In the UK (and most of the rest of the world, I think) we also write it as we say it, but we say "see you on the 11th November" (often with an "of" between day and month). I do like the idea of Y:M:D, and use sometimes to avoid confusion, but generally still use D:M:Y, as that's the way my brain says it.

vs Swedish - we use capitals for the month and no comma after it, so today is the 7th June 2005.

The American non-ascending/non-descending order always has seemed weird.
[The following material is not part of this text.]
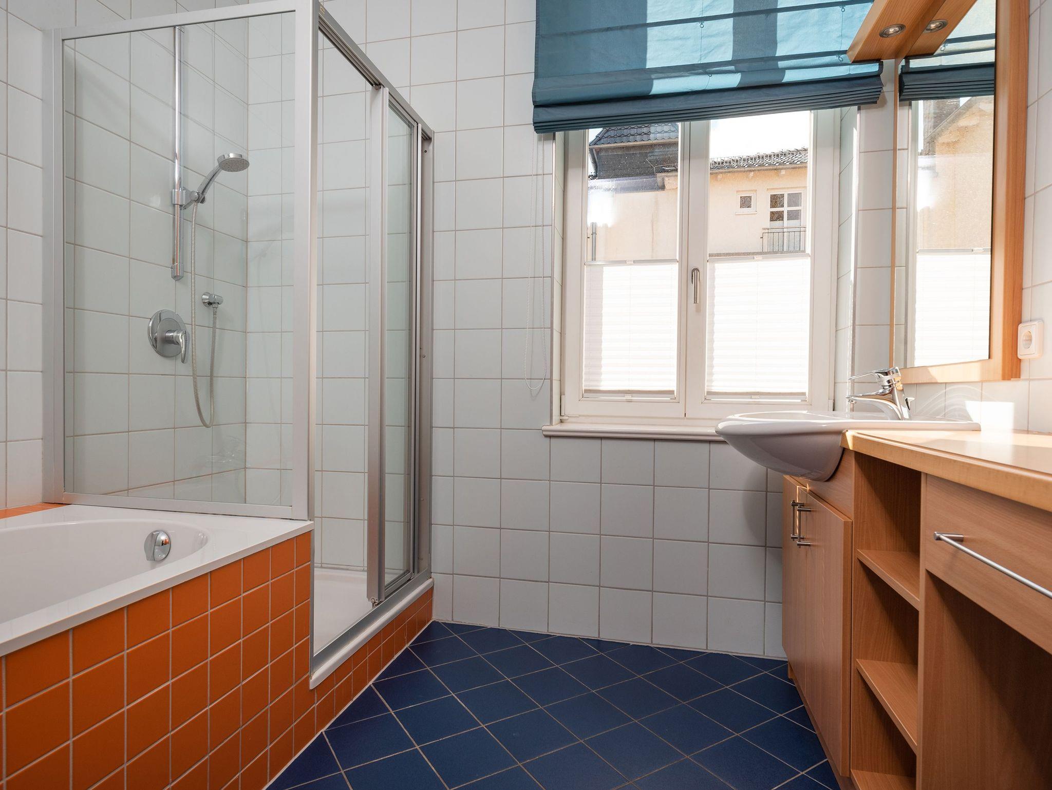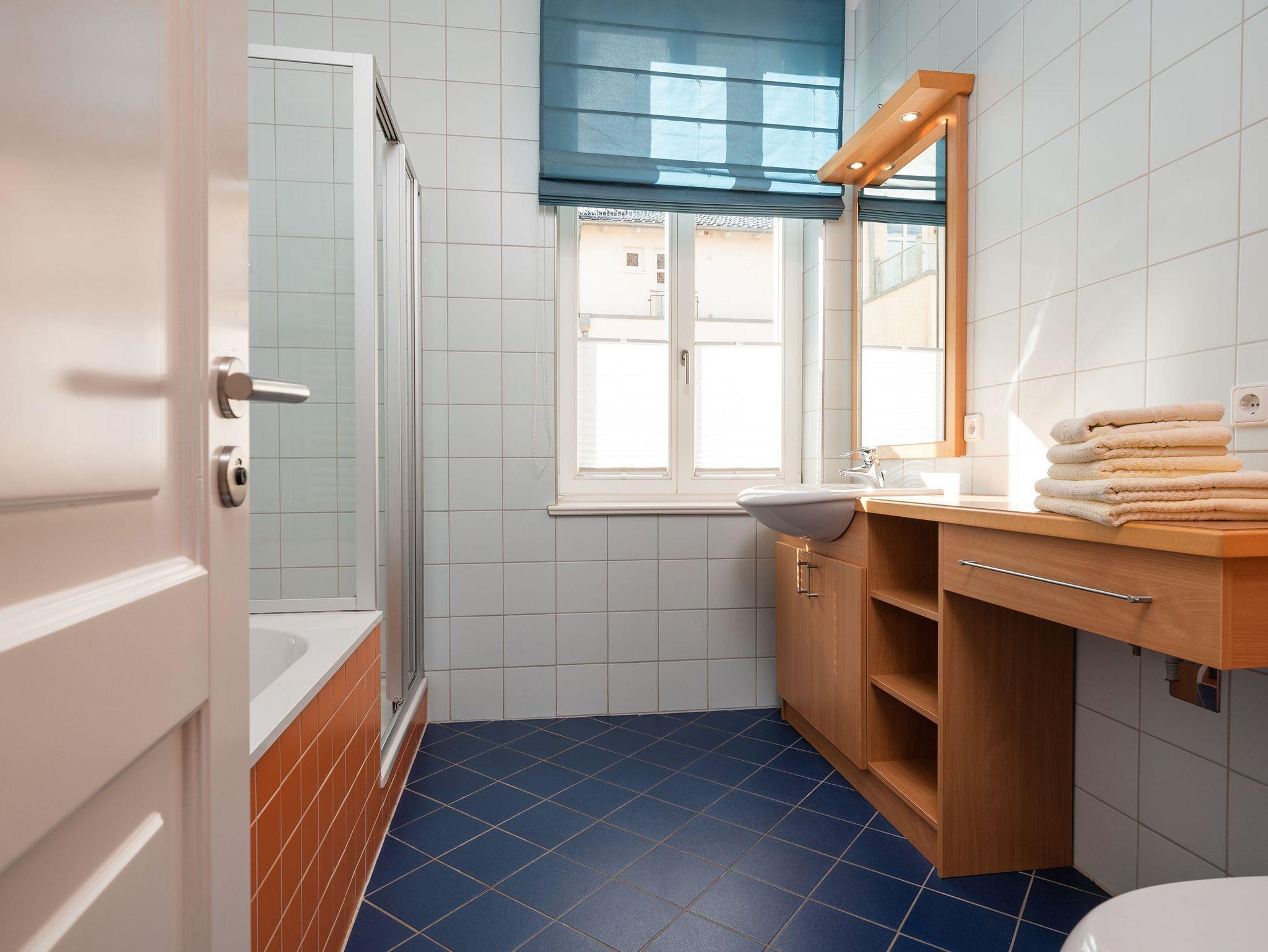 • Das Badezimmer ist mit einer Badewanne, einer Dusche, WC und einem Waschtisch ausgestattet. Zusätzlich stehen eine Waschmaschine und ein Trockner im Nebengebäude zur Verfügung.

Anyone know how it ended up that way - you don't say mins secs, hours for time?

Marian Nichols 06-07-2005 02:13 PM

That’s because we just have to be different from the rest of the world.

I say, “I will see you on November the eleventh, two thousand five at about two o’clock in the afternoon.”

jleslie 06-08-2005 01:38 AM

Yes, I forgot that, we'd say "Two thousand AND five" never "Two thousand five".

Marian Nichols 06-08-2005 04:23 AM

hehehehe
strange world this

klaatu 06-15-2005 12:25 PM

Quote:

Originally Posted by jleslie
"Two thousand AND five" never "Two thousand five".

I think it ought to be twenty-oh-five. Long before this 2nd millennium actually came to be I had a feeling no one would ever say it in the same manner as 1901 to 1909 were spoken (in english, anyway).

Still made plenty of sense, to me, to say 20-oh-1, 20-oh-2, etc. Maybe even 20-hundred (for 2000), but saying it as "two thousand" was obviously determined years ahead of its time.

I wonder if the movie (or book) 2001: A Space Odyssey is why?

In any case, you could just about see that the something-hundred way of saying it was not going to be like the previous centuries.

How was/is 1005 A.D. spoken? Probably like it is now for 2005. It seems to be the lack of a 'hundred' number, so people immediately forego that and see only the 'thousand' number. I was a bit disappointed when people ignored the past 900 years, at least, and couldn't say 20-oh-1 like their grandparents had done for 1901.

Somehow I still keep thinking it'll revert back to that before twenty ten, mainly because we'll all definitely be saying twenty ten and not two thousand ten-- er... well... who knows?!

Sorry for this long-winded nonsense but ya'll started it! LOL

feldon34 06-15-2005 12:36 PM

Life got easier for the French when 2000 rolled around.

1999 = Mille neuf cent quatre-vingts dix neuf. (literally one thousand, nine hundred, four score, ten and nine)
2000 = Deux Mille

Wizwad 06-16-2005 01:50 PM

1005 - it was probably pronounced completely differently at the time, but I say ten oh five, like in ten sixty six! :)

I want to know why we aren't talking about '05 and '07 in the same way that we talked about '95 and '97. What has changed?:)?